**WHAT THE TASK REQUIRES**
Print all of the entries exactly, minus the pictures.

**EXTRACTED DATA**
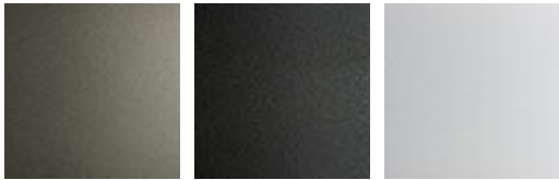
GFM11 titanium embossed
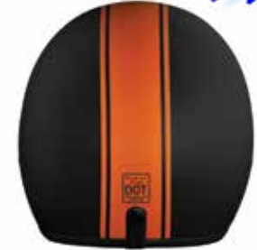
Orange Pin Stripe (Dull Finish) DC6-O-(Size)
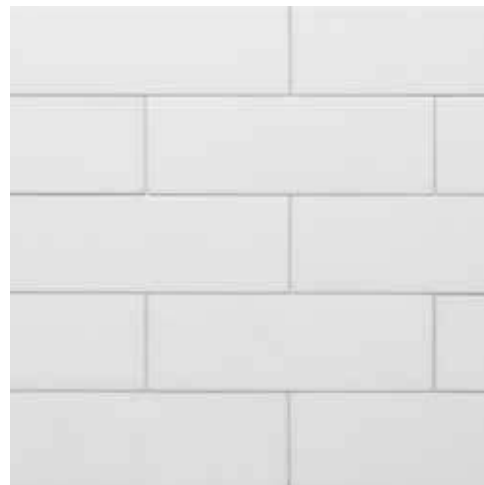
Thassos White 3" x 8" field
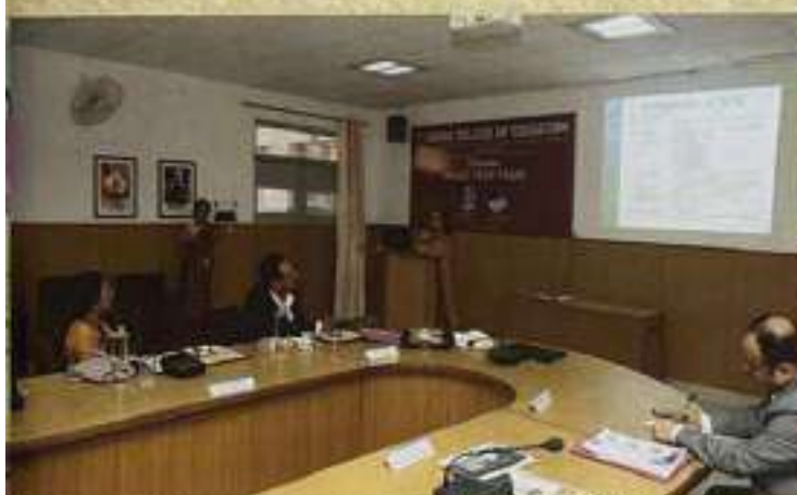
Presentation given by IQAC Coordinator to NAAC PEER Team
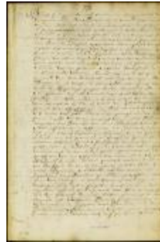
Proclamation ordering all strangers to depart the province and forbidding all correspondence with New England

**OUTPUT BELOW**
GFM11 titanium embossed
Orange Pin Stripe (Dull Finish) DC6-O-(Size)
Thassos White 3" x 8" field
Presentation given by IQAC Coordinator to NAAC PEER Team
Proclamation ordering all strangers to depart the province and forbidding all correspondence with New England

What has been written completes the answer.